== Data supplied ==
● ● ● ● ●

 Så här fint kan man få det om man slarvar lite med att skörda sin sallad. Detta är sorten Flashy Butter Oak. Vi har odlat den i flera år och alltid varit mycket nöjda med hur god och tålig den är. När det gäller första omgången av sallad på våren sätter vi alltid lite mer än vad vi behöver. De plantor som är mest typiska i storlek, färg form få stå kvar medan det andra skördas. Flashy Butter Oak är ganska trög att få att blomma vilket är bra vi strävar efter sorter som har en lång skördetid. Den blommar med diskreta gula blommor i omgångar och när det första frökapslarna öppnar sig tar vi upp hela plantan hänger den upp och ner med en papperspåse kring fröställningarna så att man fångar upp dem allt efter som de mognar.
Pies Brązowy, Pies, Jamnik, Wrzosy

● ● ● ● ●

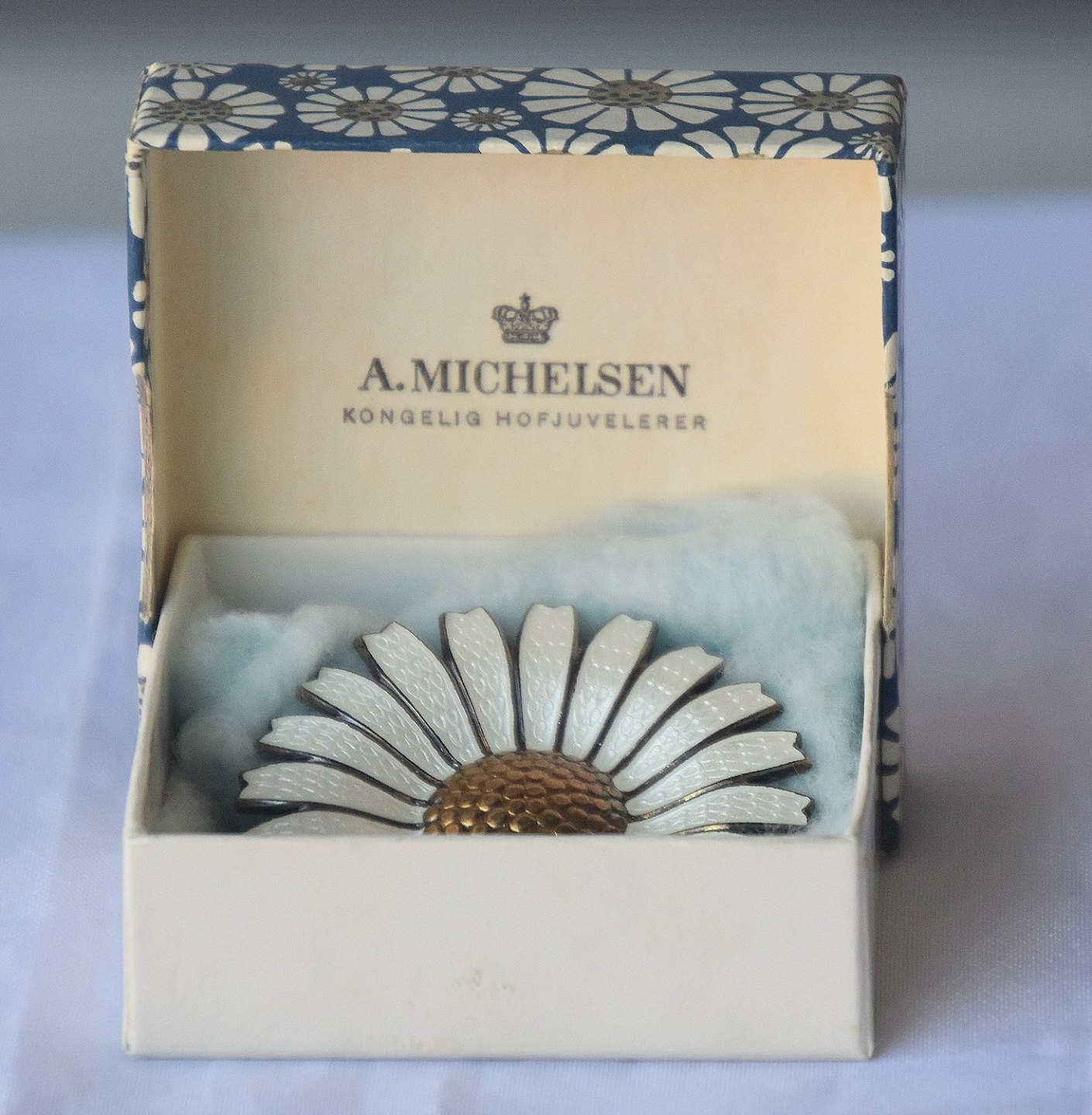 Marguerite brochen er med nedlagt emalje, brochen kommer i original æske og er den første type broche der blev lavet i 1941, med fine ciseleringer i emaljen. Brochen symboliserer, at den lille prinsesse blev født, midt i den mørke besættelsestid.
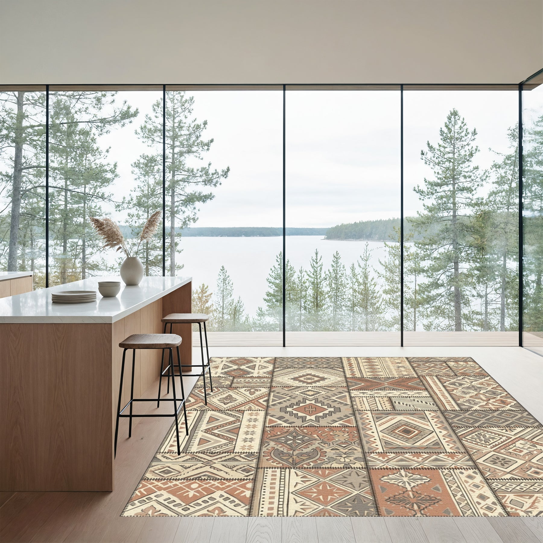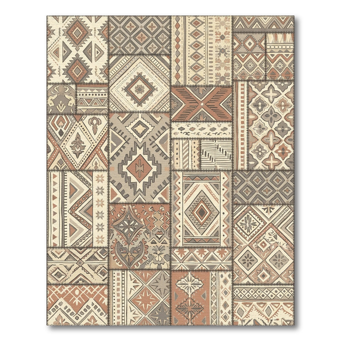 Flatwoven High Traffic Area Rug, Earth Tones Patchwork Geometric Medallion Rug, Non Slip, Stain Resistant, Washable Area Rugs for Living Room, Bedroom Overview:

● ● ● ● ●

== Work instructions ==
Out of the data above, set down the lines from the one with "Så här fint" to the one with "Pies Brązowy, Pies, Jamnik, Wrzosy", both included, exactly as written and with no additions.

== Solution to this task ==
 Så här fint kan man få det om man slarvar lite med att skörda sin sallad. Detta är sorten Flashy Butter Oak. Vi har odlat den i flera år och alltid varit mycket nöjda med hur god och tålig den är. När det gäller första omgången av sallad på våren sätter vi alltid lite mer än vad vi behöver. De plantor som är mest typiska i storlek, färg form få stå kvar medan det andra skördas. Flashy Butter Oak är ganska trög att få att blomma vilket är bra vi strävar efter sorter som har en lång skördetid. Den blommar med diskreta gula blommor i omgångar och när det första frökapslarna öppnar sig tar vi upp hela plantan hänger den upp och ner med en papperspåse kring fröställningarna så att man fångar upp dem allt efter som de mognar.
Pies Brązowy, Pies, Jamnik, Wrzosy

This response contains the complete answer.